The exploit works because Anthropic’s own API domain is whitelisted as “trusted” in Claude’s code execution sandbox. Attackers include their own API key in the injection, turning Anthropic’s security boundary into an exfiltration pipeline. Simon Willison’s detailed technical analysis confirms no user approval is required at any point.
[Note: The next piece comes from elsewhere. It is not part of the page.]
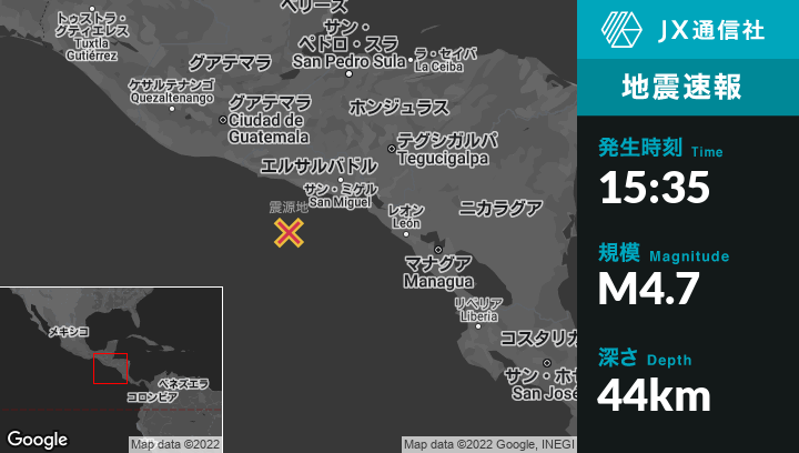| 震源地 | エルサルバドルのLa Libertadから南102kmの地点 |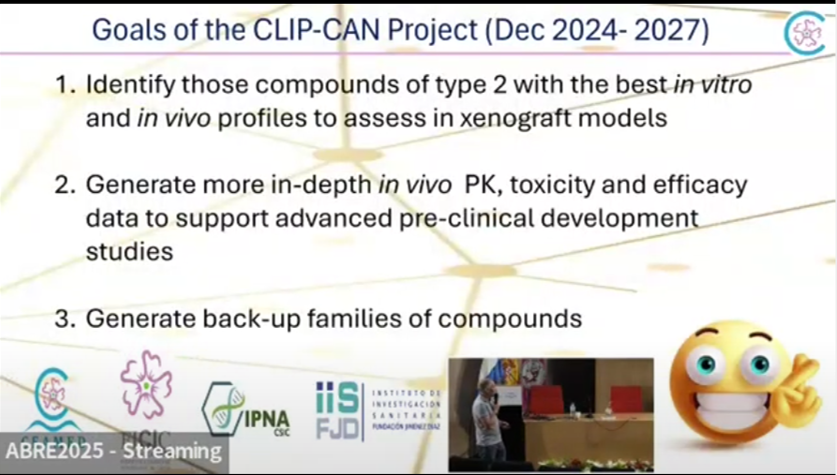 The presentation covered the history behind the discovery of HsClpP agonists as new potential anticancer agents, and how the CLIP-CAN project will seek to develop new and improved HsClpP agonists, to treat various resistant cancers.

Tax returns, bank statements, proprietary code, credentials — anything Cowork can access becomes fair game.

The Known-But-Unresolved Timeline

This wasn’t an oversight. Security researcher Johann Rehberger discovered the vulnerability in Claude.ai chat before Cowork existed and disclosed it responsibly via HackerOne. Anthropic initially dismissed it as a “model safety issue,” claiming it was out of scope for security. After public pressure, the company acknowledged it as a valid security issue on October 30, 2025.

Then on January 12, 2026, Anthropic launched Cowork anyway with the vulnerability still unfixed. Two days later, Prompt Armor went public to warn users. As of today, the flaw remains unpatched.

This timeline reveals a business decision, not a technical limitation. Anthropic chose speed to market over user security, then shifted responsibility to users when called out.

The Contradiction Problem

Marketing a file manager while telling users not to trust it with sensitive files isn’t just contradictory — it’s absurd. Cowork’s promoted use cases include “reorganizing downloads,” “organizing desktop files,” and “turning receipt screenshots into expense spreadsheets.” These tasks inherently involve financial documents, personal data, and work files.

The Hacker News community (643 points, 287 comments) didn’t mince words: “This is like selling a safe with a known lock vulnerability and telling users to keep valuables elsewhere.” Another commenter nailed it: “AI agents are the new insider threat.”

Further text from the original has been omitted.